Take the Fifth - it's in your own interest

From the classics to Disney, from socialist nightmares to an eternal wait, culture spans the spectrum this week.

Till Janczukowicz promised more Beethoven for this season of Abu Dhabi Classics, and this week we get the most Beethoveny Beethoven there is. "The main purpose" of the programme, its artistic director told me last year, is to present "the core repertoire of classical music - the main classical and Romantic repertoire in the best possible performances in Abu Dhabi". Hence - dan-dan-dan durrrnnnn! - the Fifth. It's the most famous piece of music on the planet, and it's being played for us on Thursday by the London Philharmonia, under the direction of Jukka-Pekka Saraste, the Finnish conductor whose programme of Grieg, Tchaikovsky and Sibelius pieces last year was my highlight of the season.
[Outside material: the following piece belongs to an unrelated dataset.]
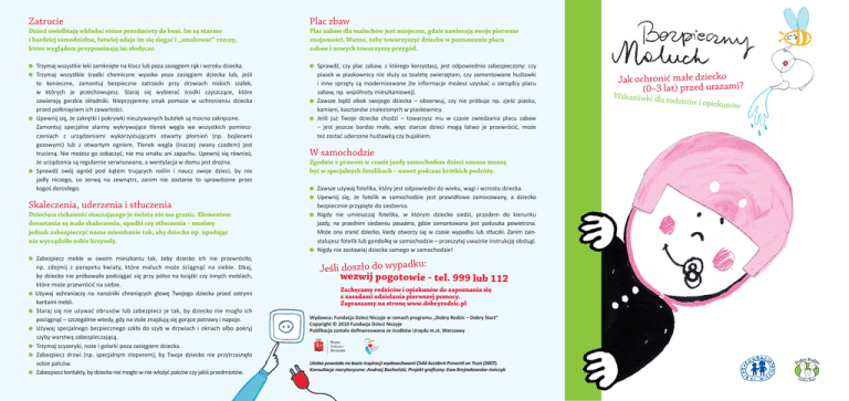 Zatrucie Plac zbaw Dzieci uwielbiają wkładać różne przedmioty do buzi. Im są starsze i bardziej samodzielne, łatwiej udaje im się sięgać i „smakować” rzeczy, które wyglądem przypominają im słodycze. Plac zabaw dla maluchów jest miejscem, gdzie zawierają swoje pierwsze znajomości. Ważne, żeby towarzyszyć dziecku w poznawaniu placu zabaw i nowych towarzyszy przygód. Trzymaj wszystkie leki zamknięte na klucz lub poza zasięgiem rąk i wzroku dziecka. Trzymaj wszystkie środki chemiczne wysoko poza zasięgiem dziecka lub, jeśli to konieczne, zamontuj bezpieczne zatrzaski przy drzwiach niskich szafek, w których je przechowujesz. Staraj się wybierać środki czyszczące, które zawierają gorzkie składniki. Nieprzyjemny smak pomoże w uchronieniu dziecka przed połknięciem ich zawartości. Upewnij się, że zakrętki i pokrywki nieużywanych butelek są mocno zakręcone. Zamontuj specjalne alarmy wykrywające tlenek węgla we wszystkich pomieszczeniach z urządzeniami wykorzystującymi otwarty płomień (np. bojlerami gazowymi) lub z otwartym ogniem. Tlenek węgla (inaczej zwany czadem) jest trucizną. Nie możesz go zobaczyć, nie ma smaku ani zapachu. Upewnij się również, że urządzenia są regularnie serwisowane, a wentylacja w domu jest drożna. Sprawdź swój ogród pod kątem trujących roślin i naucz swoje dzieci, by nie jadły niczego, co zerwą na zewnątrz, zanim nie zostanie to sprawdzone przez kogoś dorosłego. Skaleczenia, uderzenia i stłuczenia Dziecięca ciekawość otaczającego je świata nie ma granic. Elementem dorastania są małe skaleczenia, upadki czy stłuczenia – musimy jednak zabezpieczyć nasze mieszkanie tak, aby dziecko np. upadając nie wyrządziło sobie krzywdy. Zabezpiecz meble w swoim mieszkaniu tak, żeby dziecko ich nie przewróciło, np. zdejmij z parapetu kwiaty, które maluch może ściągnąć na siebie. Dbaj, by dziecko nie próbowało podciągać się przy półce na książki czy innych meblach, które może przewrócić na siebie. Używaj ochraniaczy na narożniki chroniących głowę Twojego dziecka przed ostrymi kantami mebli. Staraj się nie używać obrusów lub zabezpiecz je tak, by dziecko nie mogło ich pociągnąć – szczególnie wtedy, gdy na stole znajdują się gorące potrawy i napoje. Używaj specjalnego bezpiecznego szkła do szyb w drzwiach i oknach albo pokryj pok szyby warstwą zabezpieczającą. Trzymaj scyzoryki, noże i golarki poza zasięgiem dziecka. Zabezpiecz drzwi (np. specjalnym stoperem), by Twoje dziecko nie przytrzasnęło rzasnęło sobie palców. Zabezpiecz kontakty, by dziecko nie mogło w nie włożyć palców czy jakiś przedmiotów. miotów. Sprawdź, czy plac zabaw, z którego korzystasz, jest odpowiednio zabezpieczony: czy piasek w piaskownicy nie służy za toaletę zwierzętom, czy zamontowane huśtawki i inne sprzęty są modernizowane (te informacje możesz uzyskać u zarządcy placu zabaw, np. wspólnoty mieszkaniowej). Zawsze bądź obok swojego dziecka – obserwuj, czy nie próbuje np. zjeść piasku, kamieni, kasztanów znalezionych w piaskownicy. Jeśli już Twoje dziecko chodzi – towarzysz mu w czasie zwiedzania placu zabaw – jest jeszcze bardzo małe, więc starsze dzieci mogą łatwo je przewrócić, może też zostać uderzone huśtawką czy bujakiem. W samochodzie Zgodnie z prawem w czasie jazdy samochodem dzieci zawsze muszą być w specjalnych fotelikach – nawet podczas krótkich podróży. Zawsze używaj fotelika, który jest odpowiedni do wieku, wagi i wzrostu dziecka. Upewnij się, że fotelik w samochodzie jest prawidłowo zamocowany, a dziecko bezpiecznie przypięte do siedzenia. Nigdy nie umieszczaj fotelika, w którym dziecko siedzi, przodem do kierunku jazdy, na przednim siedzeniu pasażera, gdzie zamontowana jest poduszka powietrzna. Może ona zranić dziecko, kiedy otworzy się w czasie wypadku lub stłuczki. Zanim zainstalujesz fotelik lub gondolkę w samochodzie – przeczytaj uważnie instrukcję obsługi. Nigdy nie zostawiaj dziecka samego w samochodzie! : Jeśli doszło do wypadku wezwij pogotowie - tel. 999 lub 112 Zachęcamy rodziców i opiekunów do zapoznania się z zasadami udzielania pierwszej pomocy. Zapraszamy na stronę www.dobryrodzic.pl Wydawca: Fundacja Dzieci Niczyje w ramach programu „Dobry Rodzic – Dobry Start” Copyright © 2010 Fundacja Dzieci Niczyje Publikacja ja zost została dofinansowana ze środków Urzędu m.st. Warszawy Ulotka powstała na bazie ins inspiracji wydawcitwami Child Accident Preventi on Trust (2007). K Kon Konsultacje sultacje merytoryczne: Andrzej And Bocheński, Projekt graficzny: Ewa Brejnakowska–Jończyk Jak ochronić małe dziecko mii?? (0–3 lat) przed urazam Wskazówki dla ro dziców i opiekunów Małe dzieci są kruche i delikatne – każdego dnia wiele maluchów trafia do szpitala z powodu różnych urazów. Do wielu z nich dochodzi w domu, ponieważ to tam dzieci spędzają najwięcej czasu. Większości wypadków można uniknąć – dowiedz się, jak możesz uchronić swoje dziecko przed niebezpieczeństwem. Upadki Małe dzieci uczą się nowych rzeczy niezwykle szybko: wiercą się, kopią, przekręcają się z pleców na brzuszek, mogą sturlać się z łóżeczka czy z przewijaka. Uczą się raczkować, wspinać na różne rzeczy, ryzykując upadek. To naturalny proces, który pozwala im na rozwój i poznawanie otoczenia. Możesz zadbać o to, by Twój Maluch nie zrobił sobie krzywdy podczas tych podróży. Zmieniaj dziecku pieluszkę na podłodze. Dziecka poniżej 1. roku życia nie zostawiaj nawet na chwilę samego na łóżku, kanapie czy przewijaku, ponieważ może się z niego sturlać. Nie kładź dziecka w kołysce lub foteliku na stole lub kuchennym blacie – kołysząc się, może przesunąć się i spaść. Używaj tych sprzętów tylko na podłodze. Gdy dziecko zacznie raczkować, zainstaluj odpowiednie bramki zabezpieczające, aby zapobiec wspinaniu się dziec

To sweeten the pitch, there's also Mozart's ninth piano concerto, the composer's 21st birthday present to himself and, by wide consent, his first out-and-out masterpiece. There's a nice historical angle in the pairing of these two pieces: Mozart's most ear-catching device here - the abrupt and early appearance of the piano - was utilised by Beethoven to great effect in his last two piano concertos, and, more generally, Mozart's gatecrashing approach to form seems to have been one of the inspirations behind Beethoven's escape from 18th-century aesthetics altogether. That transition is cemented in the Fifth, of course. From classicism to Romanticism in seven not-so-simple movements: how's that for core repertoire?

Less obviously on-point for Janczukowicz's agenda is the following night's programme of music from Disney films. It is to be performed by the London Philharmonia with the help of a choir of Abu Dhabi schoolchildren, and conducted by Allan Wilson, whom I found at last year's session to be one of the most entertaining conductors I have ever seen. If Disney's own animators were to design a maestro character, they would probably come up with something like him. A word of warning, though: the previous Disney concert used the existence of Fantasia as a licence to play a lot of unadvertised grown-ups music. It's possible that they'll try the same thing on again. Caveat auditor, kids, caveat auditor.

On Tuesday, the B21 gallery in Dubai kicks off its new year with its second solo exhibition from the Iranian painter Nargess Hashemi. Wrap Me Up in You follows on from Hasmemi's earlier show, Stories from the Boudoir, in exploring intimate aspects of her family life, but the focus here is on her recent, as opposed to childhood, experiences. In the new show, photographs of happy family gatherings are reproduced as skeletal illustrations on transparent sheets, backed with wrapping paper. That last touch might suggest, if you'll pardon the pun, the way social ritual insulates against Iran's grim present. Still, beneath the play of symbol and innuendo, these are beautiful works and worth your attention.

Opening the same night and running until the 17th we have a theatrical oddity at the reinvigorated Dubai Community Theatre and Arts Centre. Animal Farm is a one-man rendition of Orwell's political fable, performed with minimal props and a variety of livestock impersonations by Gary Shelford. It lasts nearly two hours - longer than the book, surely - but has apparently kept audiences rapt over the past few yearwscription I admit it sounds unappealing, but the darnedest things can work on stage.

Finally, on the subject of plays that are better than they sound, the XVA gallery is concluding its series of film screenings with a film of Samuel Beckett's best-known theatre work, the clown comedy-cum-existential nightmare En Attendant Godot. It's a landmark of the modernist stage and a terrific piece of writing yadda yadda, but I haven't seen this film of it and so will refrain from comment.

Instead here's a passage from David Kynaston's new history, Family Britain, 1951-57, which describes a performance of Godot in Blackpool in 1955: "Advertised as 'inimitable' and 'priceless', Beckett's play arrived at the Grand Theatre, Blackpool, on June 4, to find itself up against stiff competition: the Dave King Show at the Winter Gardens Pavilion, Albert Modley, supported by Mike and Bernie Winters starring in Summer Showboat at the Palace Theatre, and, twice nightly at the Central Pier, Let's Have Fun, with Jimmy James, Ken Dodd, and Jimmy Clitheroe. It proved to be, according to the local newspaper, 'one of the stormiest receptions in the theatrical history of Blackpool'."